Antoni Łangowski: Od startu przygotowań mamy wszystko zapewnione

WP SportoweFakty / Krzysztof Betnerowicz
WP SportoweFakty / Krzysztof Betnerowicz

Rozgrywający Gwardii Opole Antoni Łangowski podkreśla, że drużyna bezproblemowo przepracowała okres przygotowawczy do sezonu 2016/2017.

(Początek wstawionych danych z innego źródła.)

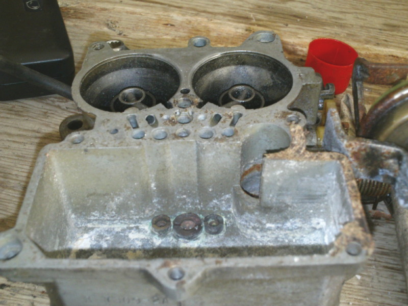 Okay, so the first three pics are the carb off my Scout ('79 sii, 345, 727). The power valve piston isn't moving, yet. I haven't soaked it yet. The power valve is not necessarily the right one, it's the one that came with the rebuild kit I put in it last time. I got water in the carb and it corroded the bottom of the float bowl pretty bad, so I wanted to know if I should be using the parts carb in the last picture instead? I hope you can read the numbers well enough, I can just tell you what the numbers are if they're too hard to make out.

26-letni zawodnik doskonale pamięta, co działo się w klubie na początku 2016 roku. Podczas zimowych przygotowań zawodnicy, z racji szalejącego kryzysu, grali na treningach głównie ... w piłkę nożną. Mimo to Gwardia ukończyła rozgrywki PGNiG Superligi na bezpiecznym, 9. miejscu. Łangowski zdecydował się pozostać w Opolu na kolejny sezon i zapewnia, że w ostatnich tygodniach mógł się w pełni skupić na wypracowywaniu formy.

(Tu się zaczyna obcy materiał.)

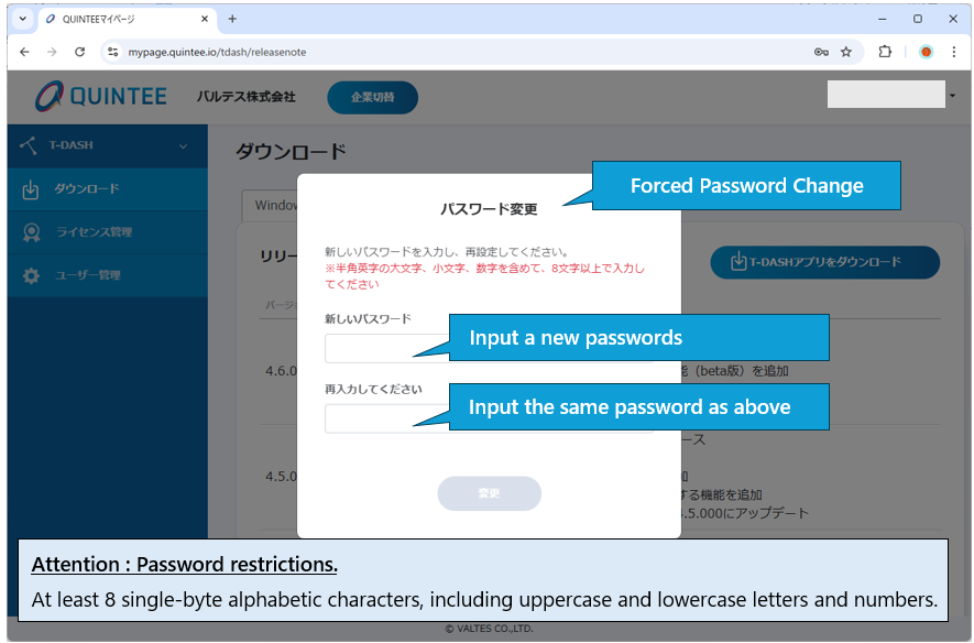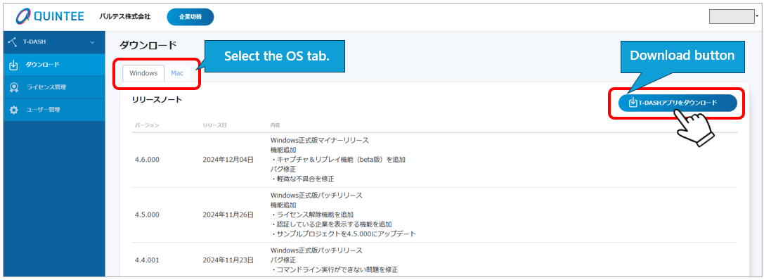 2-2. Download the installer for the OS of the PC on which T-DASH will be used from QINTEE My Page.

- Muszę powiedzieć, że odkąd ludzie z miasta w styczniu zajęli się klubem, zrealizowali wszystko, co nam obiecali. Od początku przygotowań mieliśmy wszystko zapewnione na czas. Liga zawodowa spowoduje, że kluby będą musiały wywiązywać się ze swoich zobowiązań. Z tego, co widzę i słyszę, myślę, że naprawdę będzie dobrze, szczególnie jeśli chodzi o kwestie organizacyjne - zaznacza.

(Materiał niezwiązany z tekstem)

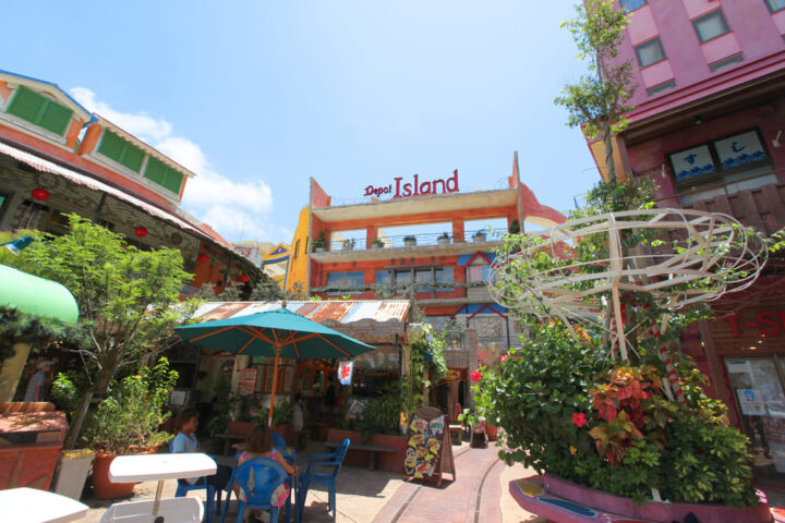 沖縄料理を食べられるお店やおしゃれなカフェ、ホテルまで、130を超える店舗が集まる「デポアイランド」。ショッピングの合間には海沿いのカフェで一息ついたり、夕日を見たりと、一日中遊べる場所です。

Do pierwszego ligowego występu w sezonie 2016/2017 opolanom pozostał tydzień. Rozgrywający mówi, że wciąż jeszcze czuje w kościach trudy okresu przygotowawczego. Ale zarazem zapewnia, że obciążenia serwowane szczypiornistom stopniowo się zmniejszają.

- Jesteśmy jeszcze w trochę cięższym treningu, ale od poniedziałku powinniśmy już trenować nieco lżej. Będziemy się już wówczas przygotowywać typowo pod mecz z Chrobrym Głogów (9 sierpnia, godz. 18:00 - przyp. red). Piątkowy sparing z Piotrkowianinem Piotrków Trybunalski będzie naszym ostatnim sprawdzianem przed startem ligi. Uważam, że będziemy zespołem charakternym, który z każdym przeciwnikiem będzie starał się walczyć. Już nieraz udowadnialiśmy, że wolą walki potrafiliśmy wygrywać spotkania we własnej hali. W poprzednim sezonie zabrakło nam nieco zwycięstw na wyjazdach, ale może w obecnym karta się odwróci - podsumowuje Łangowski.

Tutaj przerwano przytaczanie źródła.